The retained medullary cord (RMC) was first proposed by Pang et al.,14) in which a cord-like structure (C-LS) is continuous from the conus medullaris and extends to the dural cul-de-sac, resulting in cord tethering. In this decade, several additional reports regarding RMC have been published.15-19) RMC is believed to originate from the late arrest of secondary neurulation.14) The characteristic histopathological findings of C-LS include the presence of a central canal-like ependyma-lined canal with surrounding GFAP-positive neuroglial tissues in a fibrocollagenous tissue, corroborating a remnant of the cavitary medullary cord, which is typically destined to regress.14) Recently, some studies reported that this histopathological finding was present frequently in filar and caudal lipomas, which are also believed to originate from the secondary neurulation failure.18,19) Because central canal-like structures are not present from end to end of RMC tissue,15-18) central canal-like structures were missing in this case whereas GFAP-positive neuroglial tissues were present. The present findings provided further evidence for the idea that RMC and filar lipomas can be considered consequences of the continuum of regression failure during secondary neurulation.14,15,18,19)
Conclusion
The present case suggests that surgery for both lesions should be indicated for adult-onset TCS triggered by LCS.
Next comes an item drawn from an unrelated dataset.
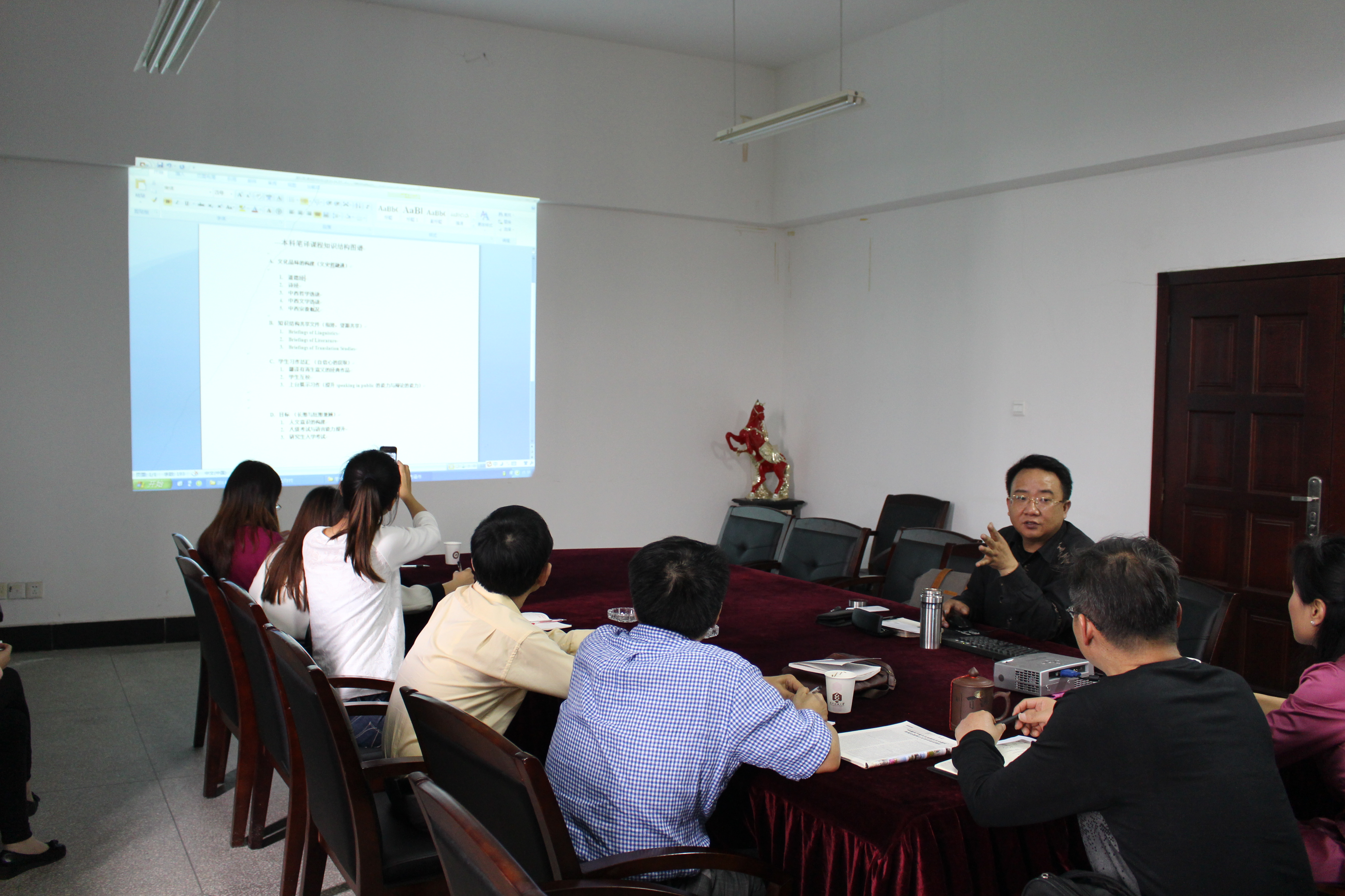 讲座的最后,公司教师教师代表纷纷就翻译本科的课程如何设置和非英语专业翻译如何做教研与汤教授进行热烈探讨。

Conflicts of Interest Disclosure
The authors have no conflict of interest to declare.
Acknowledgments
We would like to thank Dr. Nobuya Murakami and Dr. Ai Kurogi, Department of Neurosurgery, Fukuoka Children's Hospital, and Dr. Nobutaka Mukae and Dr. Takafumi Shimogawa, Department of Neurosurgery, Graduate School of Medicine, Kyushu University, for critically reading this manuscript. We would like to thank Editage for editing a draft of this manuscript.